While you don’t think of Sean Connery, even in his James Bond-busting roles, as a go-to actor for NYC-centric director Sidney Lumet, they actually worked together five times.* Notably, sans toupeé in four of the five, including this police downer where Connery’s twenty-year vet can’t hold back once he starts interrogating Ian Bannen’s serial child molester. Nothing’s been proved, but Connery ‘noses’ him out. After so many cases, so much violence, so much time on horror after horror (brought back in subliminal edits), he’s just knows. He also, tragically, belongs to them in a way, obsessed to the point of losing all control. Structured, after an extended prologue finding the missing girl, as a series of power-duets between Connery and his superior (Peter Bowles), Connery and his unhappy/unsatisfying wife (Vivien Merchant), Connery and the police internal investigator (Trevor Howard), and finally Connery and the perp (in flashback). The script feels designed as a theatrical play with the whole cast stepping up one-by-one to face Connery. And that becomes a problem, something Lumet seems painfully aware of as he tries, without much success, to pull everyone back from clobbering the camera with over-emoting using Gerry Fisher’s grungy color scheme & smudgy lighting to contrast with some tricky camera effects. (It was either that or have Connery make like Rod Steiger in THE PAWNBROKER/’64 and stab his hand on a desk receipt nail.
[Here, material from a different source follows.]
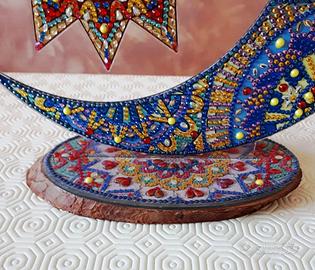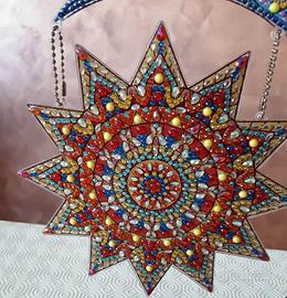 Manufatto d’artigianato etnico realizzato interamente a mano (30cm di altezza e larghezza), ispirato al simbolismo ancestrale del Sole e della Luna, emblema di equilibrio, ciclicità e armonia tra energie opposte.

Yikes!) Made fast and cheap, the film is quite an achievement in some ways, a technical/professional marvel at the 1 mill. price, but also brutally obvious.* And it’s not the only Lumet/Connery film to feel that way.
ATTENTION MUST BE PAID: I kept writing THE OFFENSE instead of THE OFFENCE. The ‘wrong’ spelling a better fit.
DOUBLE-BILL/LINK: *Brutally obvious, a perfect description of the first Connery/Lumet collaboration, THE HILL/’65. https://maksquibs.blogspot.com/2022/05/the-hill-1965.html
SCREWY THOUGHT OF THE DAY: *No doubt, we’ve got this backwards in that it was more likely Lumet was a ‘go-to’ director for Connery, certainly so here.